Obama’s Panel on Domestic Spying Abuses Didn’t Pull Its Punches

On Aug. 27, President Obama met in the White House Situation Room with the high-level panel he’d picked to identify ways to reform the government’s domestic spying policies. All summer, his administration had been engulfed in controversy over revelations by Edward J. Snowden of the National Security Agency’s surveillance practices. Now Obama was trying to regain his footing.

Establishing a blue-ribbon commission in the midst of scandal is a time-honored Washington tradition. It’s a way for a president to try to stanch the bleeding or to say, “Hey, at least I’m doing something!” The move is usually met with cynicism. And indeed, Obama’s critics accused him of filling his panel with establishment cronies who were unlikely to rock any boats.

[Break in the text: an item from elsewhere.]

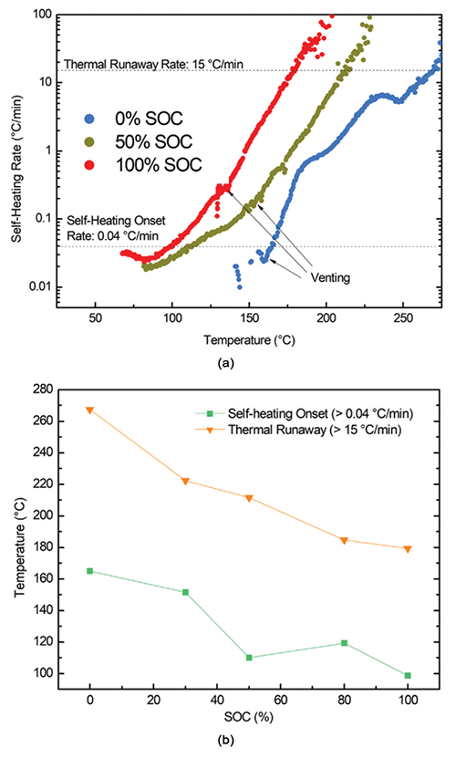 ARC can be used to study the variety of variables that affect the thermal decomposition and runaway characteristics, including cell size/shape/capacity, cell format, SOC (see Figure 5), chemistry and morphology of the electrodes, electrolyte composition, state-of-health (or life), presence of plated lithium metal, etc. If ARC testing is performed with the battery sample in a sealed vessel (e.g., inside of the larger ARC chamber), the overall energy release from the thermal runaway event can be estimated using the heat capacity of the sample in conjunction with the temperature rise experienced on the sample, the temperature rise of the ARC vessel, and the known heat input into the system via recorded heater power.

On the surface, there may be have been reason to be suspicious. Obama had worked closely with four of the five members and two had served in his administration.  There was Michael Morrell, the former deputy director of the CIA, who has been a near-constant presence at Obama’s national security meetings. Richard Clarke had advised Obama on counterterrorism issues during the 2008 campaign and was close to National Security Adviser Susan Rice. Two other members, Geoffrey Stone and Cass Sunstein, hailed from the University of Chicago Law School where they had known Obama when he taught constitutional law there in the 90s. (Sunstein later served as a senior official in the Office of Management and Budget under Obama.)